1:No 2: Refer to multi_pose_decode hm_score, hm_inds, hm_ys, hm_xs = _topk_channel(hm_hp, K=K) # b x J x K hp_offset = _transpose_and_gather_feat(hp_offset, hm_inds.view(batch, -1))

kaixinbear commented 4 years ago

I am afraid that you mistook my question2.

为了表达清楚,我用中文吧;在计算dim_loss的时候, dim_loss += self.crit_reg(output['dim'], batch['reg_mask'], batch['ind'], batch['dim']) / opt.num_stacks 这里的batch['ind']就可以把output对应的中心点信息提取出来; 我现在是要把output vertexes_coordinates heatmap(共18个通道)中的9个vertex的横纵坐标提取出来,应该是要每2个通道有一个ind, 但如果按照上面的代码的话, vertex_coordinate_loss += self.crit_reg(output['vertex_coordinate_loss'],batch['reg_mask'], batch['vertex_ind'], batch['vertex_coordinate_loss']) / opt.num_stacks 就不是按序提取的vertex的了;这里您是怎么实现的呢?

Banconxuan commented 4 years ago

原来是老哥呀,18个通道可以提前规定好顺序,比方说3D BBox的右下角对应前两个通道。再sample GT的时候参考multi_pose的hp_ind[k num_joints + j] = pt_int[1] output_res + pt_int[0] 制作index. 取到的vertex按通道顺序就是提前规定好的顺序。

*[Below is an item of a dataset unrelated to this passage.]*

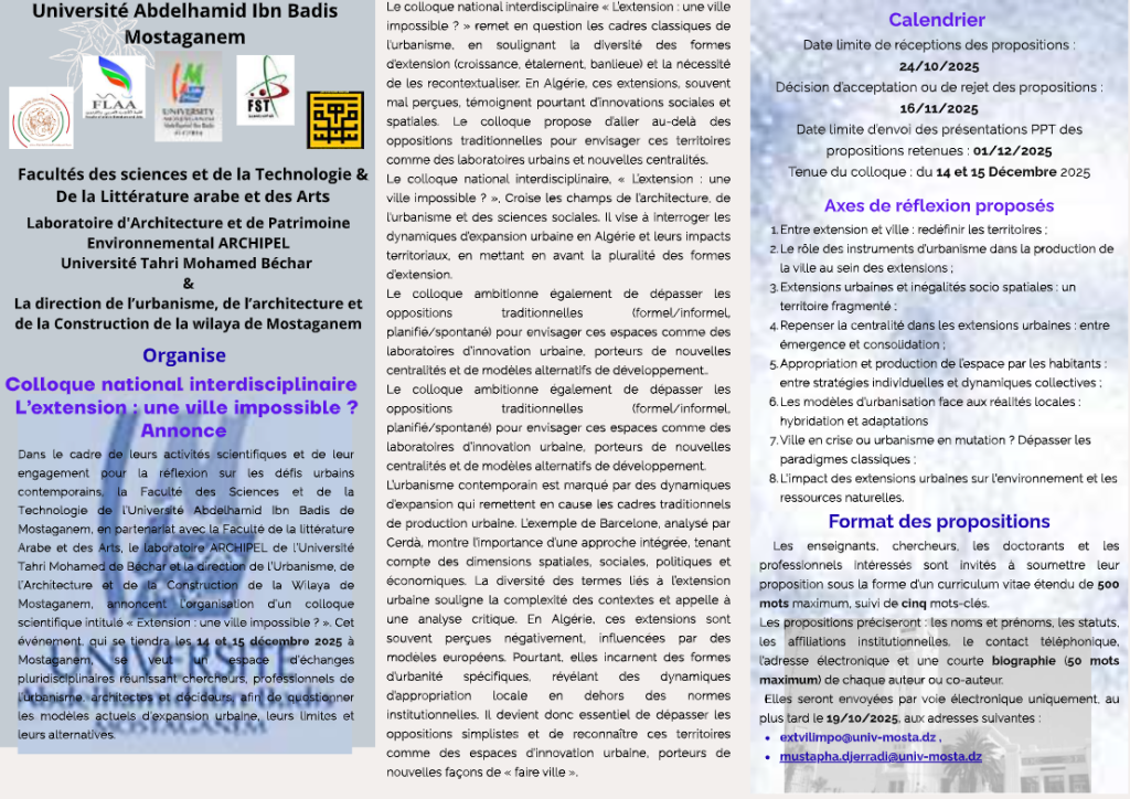 Colloque national interdisciplinaire L’extension ; une ville impossible ?

kaixinbear commented 4 years ago

for i in range(0,18,2): vertex_coordinate_loss += self.crit_reg(output['vertex_coordinate_loss'[:,i:i+2], batch['reg_mask'],batch['vertex_ind'][int(i/2)], batch['vertex_coordinate_loss']) / opt.num_stacks 这样勉强算是解决了,多谢老哥

kaixinbear commented 4 years ago

老哥,我想问下公式7的最小重投影误差ecp下面的协方差矩阵代表什么啊?并且算角度优化的时候为啥要对向量用log呢

Banconxuan commented 4 years ago

协方差矩阵代表各个点的置信度,可以从特征点的heatmap中提取。因为是用李代数求的和李群之间有个log转换。

kaixinbear commented 4 years ago

协方差矩阵的含义我明白了,但是范数的下标写成协方差矩阵代表什么呢?

kaixinbear commented 4 years ago

~6C4W02{A1_JM7LGARS}S8W 并且这个参数是多少呢?

Banconxuan commented 4 years ago

在李代数中求重投影误差是一个非线性最小二乘问题一般都需提供一个协方差,形式就如论文所示。可以参考一些slam有关的资料。这个参数遗漏了系数为1,谢谢提醒。

kaixinbear commented 4 years ago

好的,了解了!谢谢你耐心的解答。pass by,公式7是不是打错了,是argmin而不是argmax

kaixinbear commented 4 years ago

One last question, the softmax fuction in KFPN adapted on the three feature maps' dimention of channel or dimention of last two channels(W and H)? From the formulation of (1), it seems softmax applied on the (W,H),however,wouldn't it be more intuitive to apply it on the dim of channels,which could add info flow between channels? Thanks,sincerely.

ZhxJia commented 4 years ago

In the formula(8), why the covariance matrix use the 2d bbox center points instead of the projected center point?